Sep 25, 2011, 10:52 p.m.
European Economic and Monetary Affairs Commissioner Olli Rehn addresses a news conference on the interim economic forecast at the EU Commission headquarters in Brussels September 15, 2011. REUTERS/Thierry Roge

By Dina Kyriakidou and Dan Flynn

WASHINGTON (Reuters) - European policymakers began working on new ways to stop fallout from Greece's near-bankruptcy from inflicting more damage on the world economy after stinging criticism for failing to stem the debt crisis.

After a weekend of being told by the United States, China and other countries that they must get more aggressive in their crisis response, European officials focused on ways to beef up their existing 440 billion-euro rescue fund.

Deep differences remained over whether the European Central Bank should commit more of its massive resources to shoring up Europe's banks and help struggling euro zone member countries.

Shares and the euro fell in Asia on Monday as investors reacted cautiously to the weekend news. Financial markets have plunged in recent weeks on concerns about the ability of Europe to get a grip on the crisis.

U.S. Treasury chief Timothy Geithner, in unusually blunt comments, said the risks from Europe were enormous.

"The threat of cascading default, bank runs, and catastrophic risk must be taken off the table," he said in speech to the International Monetary Fund on Saturday.

Europe came under more pressure on Sunday when a top IMF official said the ECB was the only player big enough to "scare" financial markets, which have punished many euro zone members.

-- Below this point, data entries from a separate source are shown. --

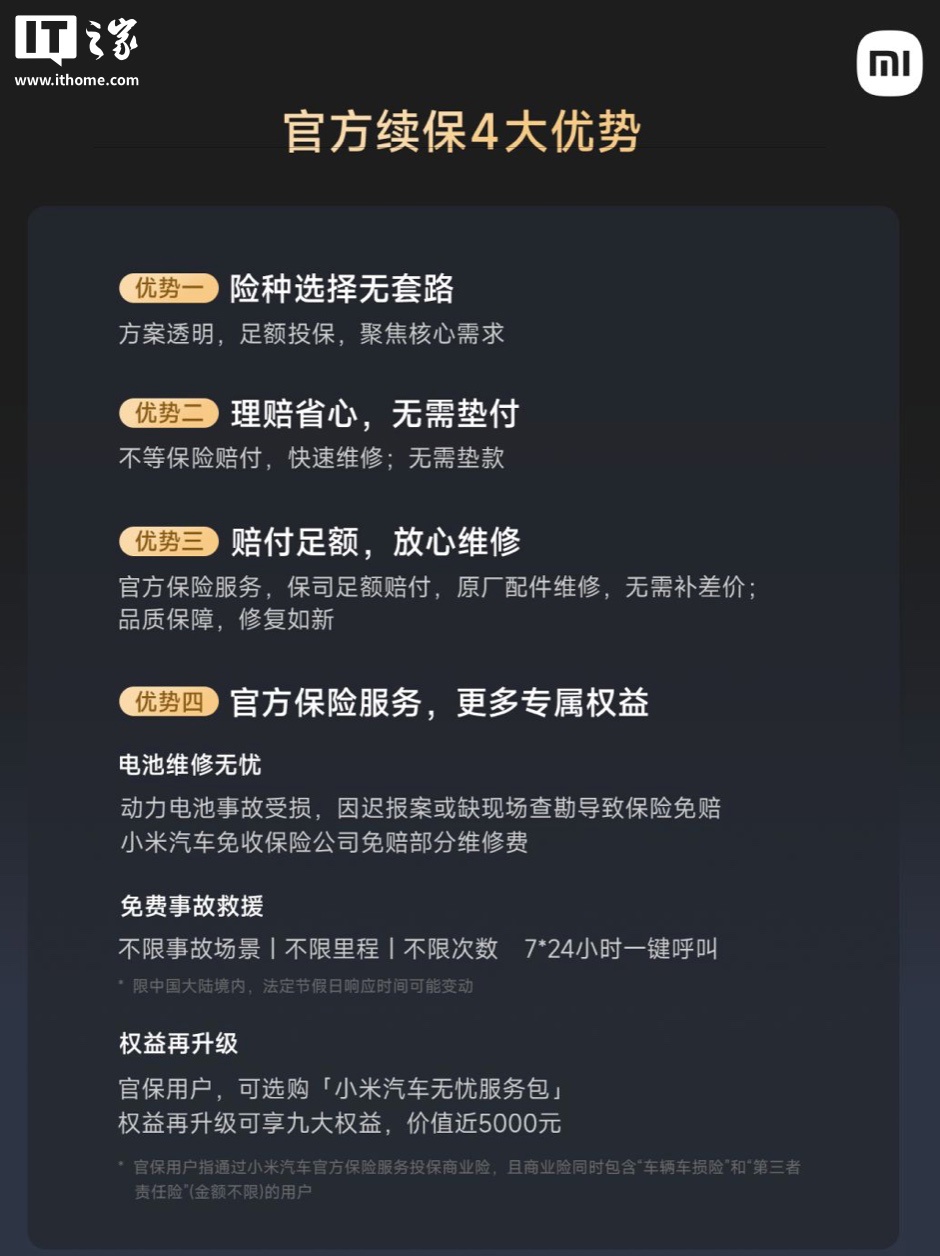 IT之家参考相应指南,小米表示用户选择官方续保可享受“电池维修无忧”体验,即如果汽车动力电池事故受损,因迟报案或缺现场查勘导致保险免赔,小米汽车免收保险公司免赔部分维修费。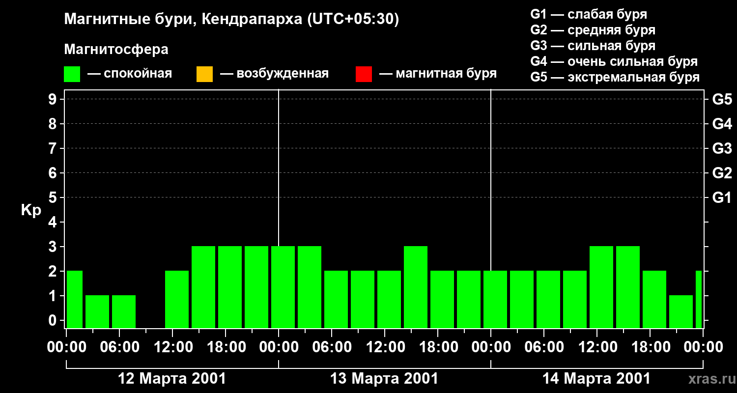 Магнитные бури в Кендрапархе — 14 марта 2001 года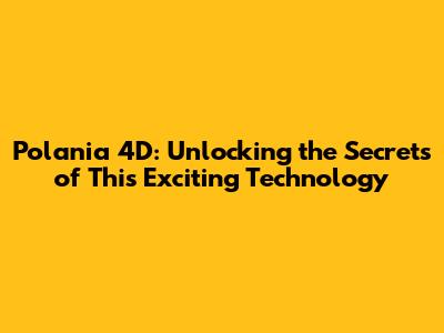 Polania 4D: Unlocking The Secrets Of This Exciting Technology
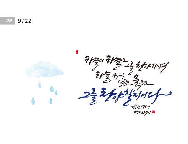 - 하늘의 하늘도 그를 찬양하며 하늘 위에 있는 물들도 그를 찬양할지어다

"The ECB is the only agent that can really scare the markets," Antonio Borges, the IMF's top official for Europe, told top economic policymakers from around the world.

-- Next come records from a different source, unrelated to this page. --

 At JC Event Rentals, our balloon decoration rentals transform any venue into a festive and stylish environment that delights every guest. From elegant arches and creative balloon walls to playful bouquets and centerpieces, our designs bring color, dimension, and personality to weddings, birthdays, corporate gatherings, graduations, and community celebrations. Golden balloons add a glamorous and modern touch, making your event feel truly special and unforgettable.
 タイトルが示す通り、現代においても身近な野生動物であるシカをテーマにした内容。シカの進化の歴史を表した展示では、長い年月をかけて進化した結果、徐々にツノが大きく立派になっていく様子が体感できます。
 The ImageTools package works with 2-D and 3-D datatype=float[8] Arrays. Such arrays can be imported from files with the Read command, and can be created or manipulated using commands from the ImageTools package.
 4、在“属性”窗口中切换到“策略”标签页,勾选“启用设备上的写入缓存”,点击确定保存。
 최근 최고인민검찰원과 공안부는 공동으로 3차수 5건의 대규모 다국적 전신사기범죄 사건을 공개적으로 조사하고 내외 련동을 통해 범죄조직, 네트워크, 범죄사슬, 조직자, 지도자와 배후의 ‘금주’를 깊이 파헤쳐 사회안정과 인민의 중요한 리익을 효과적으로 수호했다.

However, Germany and many top officials within the ECB itself are wary about the central bank being drawn more deeply into supporting Greece and other debt-stricken states.

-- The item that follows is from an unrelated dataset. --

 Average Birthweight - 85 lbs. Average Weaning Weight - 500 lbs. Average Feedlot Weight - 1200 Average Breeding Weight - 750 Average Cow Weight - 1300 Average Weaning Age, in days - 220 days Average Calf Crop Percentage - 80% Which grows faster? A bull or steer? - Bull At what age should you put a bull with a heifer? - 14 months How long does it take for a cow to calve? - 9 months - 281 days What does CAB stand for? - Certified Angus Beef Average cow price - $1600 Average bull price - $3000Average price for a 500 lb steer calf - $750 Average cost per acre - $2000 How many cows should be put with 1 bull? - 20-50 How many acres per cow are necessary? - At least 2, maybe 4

"It is not helpful that we have an avalanche of new proposals every week," ECB Governing Council member Ewald Nowotny said.

Markets fear that European banks could be dragged down by their exposure to Greece and other debt-strapped euro zone nations, and analysts say a bailout fund of around 2 trillion euros would be needed if the crisis spread to Italy and Spain.

A senior European official hinted that kind of firepower was being contemplated.

"We need to find a mechanism where we can turn one euro in the EFSF into five, but there is no decision on how we could do that yet," the official said.

Financial markets signaled some doubts that bolder steps would emerge soon given a lack of details from weekend comments and differences between euro zone leaders.

Ratings agency Standard & Poor's raised further doubts, suggesting that efforts to bolster the rescue fund would potentially trigger ratings downgrades in the euro zone region.

Asian shares trading outside Japan fell 2.3 percent to a 16-month low and the dollar index was up for the fourth session in a row.

"We believe this type of plan would be seen as a credible solution to the crisis," said Warren Hogan, chief economist at ANZ Bank in Sydney.

"However, this plan is still only in the 'rumor' stage, and it may face some tough hurdles in order to be passed by all EU authorities, indeed headlines are already suggesting some German dissent."